▶ [WHAT THIS TASK INVOLVES]: Retype the whole listing verbatim and keep the pictures out of it.

___ SOURCE DATA

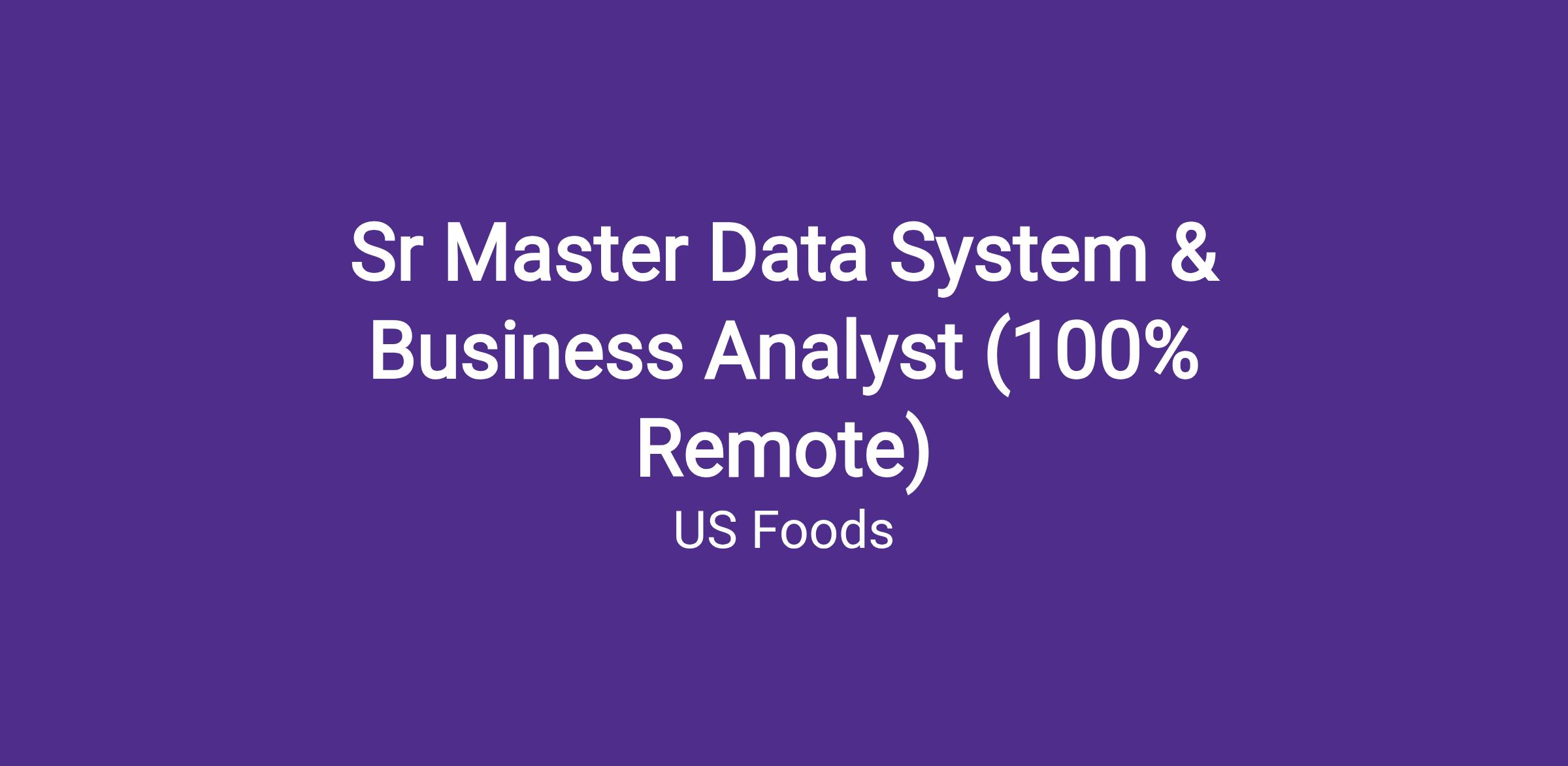 The Sr Master Data Business and System Analyst will be responsible for driving the product strategy and prioritization for master data solutions, including Product Information Management (PIM) systems, to enhance business operations and data accuracy. Acting as the key liaison between business and development teams, ensuring clear communication of requirements and needs, and facilitates system enhancements, and promotes process improvements. This role reviews, analyzes, develops and evaluates Master Data business processes and metrics; performs root cause analyses of technical interface issues and process breakdowns to formulate business process improvements. The Business Analyst will review and optimize Master Data business processes, perform root cause analyses, and document existing processes to identify and implement best practices. Additionally, this role will lead initiatives to track key performance indicators, represent US Foods in GS1 initiatives, and collaborate with Compliance Analysts to uphold data governance and quality standards. By partnering with IT, Category Management, and Marketing, the Sr Master Data Business and System Analyst will ensure alignment with data regulations and drive process improvements to meet overall metric goals.The work for this position is completely remote anywhere in the United States except Hawaii or United States Territories.
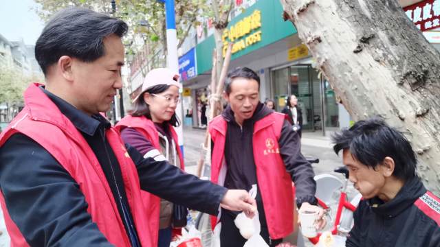 一女流浪者坐在金碧路邊乞討,志愿者走上前給她送上包子、油餅,楊蕾從保溫桶倒了一杯熱八寶粥,女流浪者接過八寶粥趕緊喝了起來,一邊喝一邊說,“午飯還沒吃上,這下不餓肚子了!”
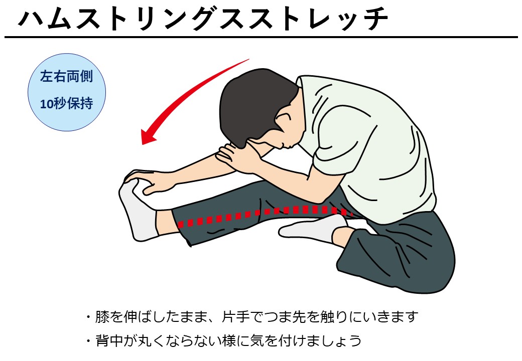 - 前屈ストレッチ:立ったままゆっくり前に倒れて背中を伸ばす

______

▶ [WRITTEN RESPONSE]:
 The Sr Master Data Business and System Analyst will be responsible for driving the product strategy and prioritization for master data solutions, including Product Information Management (PIM) systems, to enhance business operations and data accuracy. Acting as the key liaison between business and development teams, ensuring clear communication of requirements and needs, and facilitates system enhancements, and promotes process improvements. This role reviews, analyzes, develops and evaluates Master Data business processes and metrics; performs root cause analyses of technical interface issues and process breakdowns to formulate business process improvements. The Business Analyst will review and optimize Master Data business processes, perform root cause analyses, and document existing processes to identify and implement best practices. Additionally, this role will lead initiatives to track key performance indicators, represent US Foods in GS1 initiatives, and collaborate with Compliance Analysts to uphold data governance and quality standards. By partnering with IT, Category Management, and Marketing, the Sr Master Data Business and System Analyst will ensure alignment with data regulations and drive process improvements to meet overall metric goals.The work for this position is completely remote anywhere in the United States except Hawaii or United States Territories.
 一女流浪者坐在金碧路邊乞討,志愿者走上前給她送上包子、油餅,楊蕾從保溫桶倒了一杯熱八寶粥,女流浪者接過八寶粥趕緊喝了起來,一邊喝一邊說,“午飯還沒吃上,這下不餓肚子了!”
 - 前屈ストレッチ:立ったままゆっくり前に倒れて背中を伸ばす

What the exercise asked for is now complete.